Warum Digitalität? Und nicht Digitalisierung, digitaler Wandel oder digitale Revolution, …?

Wir sind mittendrinn
Egal wann genau man den Beginn des digitalen Wandels verorten will (in der Regel irgendwann gegen Ende des 20. Jahrhunderts), er dauert schon eine Weile an und er geht sicher noch weiter. Auch egal, wie tiefgreifend oder wie revolutionär man den digitalen Wandel beurteilt, er betrifft die ganze Gesellschaft. Und damit befinden wir uns definitiv in einer digitalen Zeit oder einer digitalen Realität – historisch und als Teil des Bildungssystems.

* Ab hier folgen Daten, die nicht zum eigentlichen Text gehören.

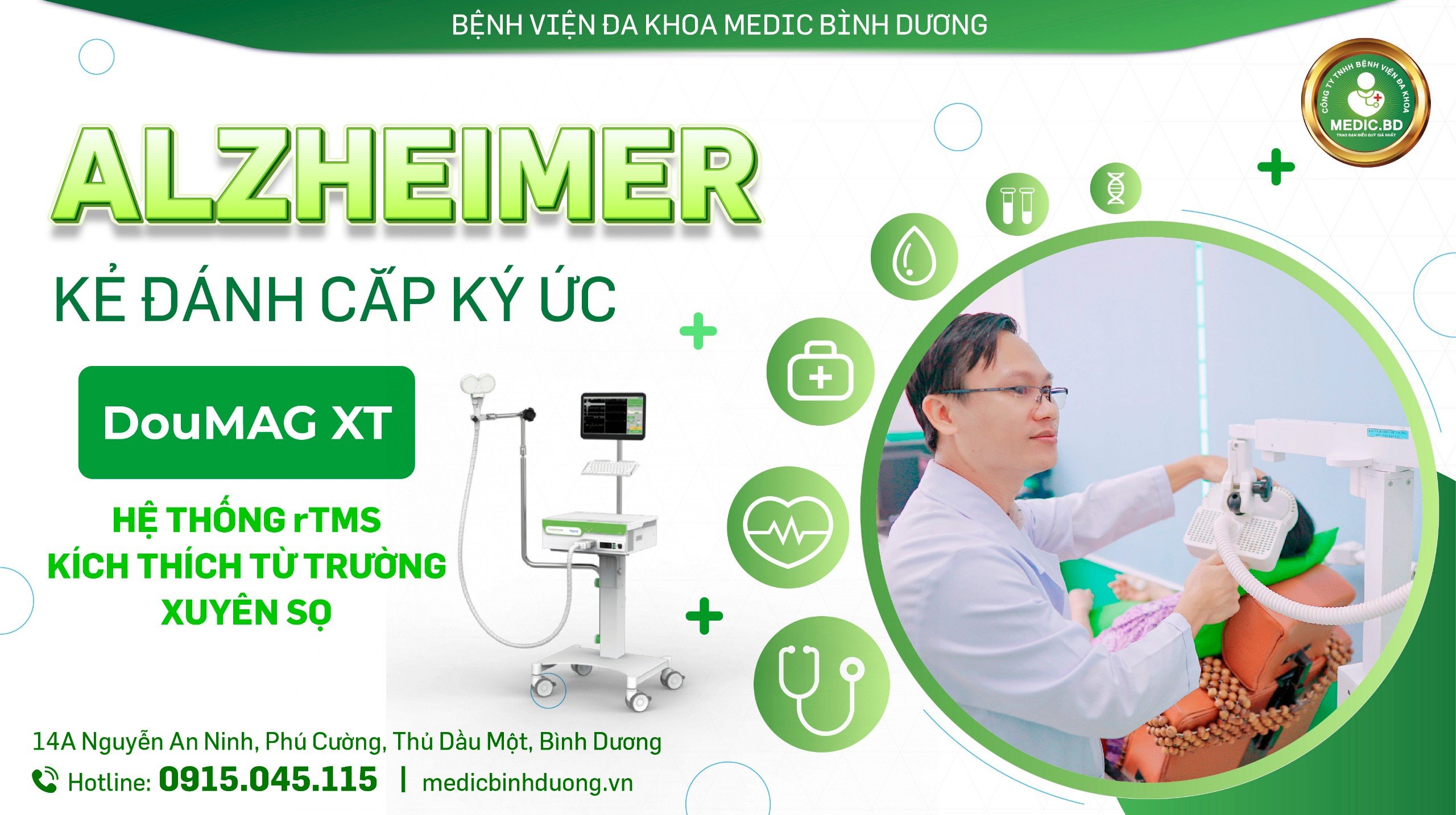 Bệnh viện Đa khoa Medic Bình Dương quy tụ đội ngũ chuyên gia hàng đầu là các giáo sư đầu ngành, bác sĩ giàu kinh nghiệm trong lĩnh vực thần kinh. Bên cạnh đó, với hệ thống trang thiết bị hiện đại và áp dụng các kỹ thuật tiên tiến trong chẩn đoán và điều trị thành công cho các bệnh nhân mắc các bệnh lý thần kinh như: đau nửa đầu, đau đầu mạn tính, tai biến mạch máu não, rối loạn giấc ngủ, sa sút trí tuệ, Alzheimer, động kinh, Parkinson,… Để đặt lịch thăm khám và điều trị, liên hệ qua số hotline: 0915.045.115 hoặc truy cập website https://medicbinhduong.vn/ để được tư vấn.

Die digitale Welt ist auch Teil der Welt
Die Definition aus Wikipedia zeigt gut, wie mit dem Begriff «Digitalität» das «Digitale» und die «Realität» gleichzeitig beschrieben wird. Und wie die Gesellschaft bereits digital beeinflusst ist und sich damit die weitere Diskussion weg von den rein technischen Aspekten vielmehr um die sozialen Auswirkungen drehen muss.
«Der Begriff Digitalität ist eine Wortschöpfung aus Digital und Materialität/Realität. Digitalität wurde in geisteswissenschaftlichen Kontexten entwickelt.
… Damit eröffnet Digitalität im Gegensatz zu Digitalisierung (siehe auch digitale Transformation) eine nicht technikfixierte Perspektive auf Veränderungsprozesse des 21. Jahrhunderts. Somit werden Aspekte des "Sozialen" in den Veränderungs-Diskurs getragen, der Lebenswelten (und damit Arbeits-, Bildungs- und Freizeitwelt) und Handlungssysteme (Politik, Wirtschaft, Gesellschaft) beeinflusst.»
Unsere Welt ist auch eine digitale. Somit findet Bildung, und natürlich auch Naturbezogene Umweltbildung, bereits in einem Umfeld des Digitalen statt. Es liegt an den Beteiligten, die (mehr oder weniger) neuen Möglichkeiten und Gefahren aber auch die (mehr oder weniger) neuen gesellschaftlichen Ansprüche und Chancen sowie die (mehr oder weniger) neuen Paradigmen mit aller bestehenden Erfahrung weiter zu einer zeitgemässen Bildung zu entwickeln.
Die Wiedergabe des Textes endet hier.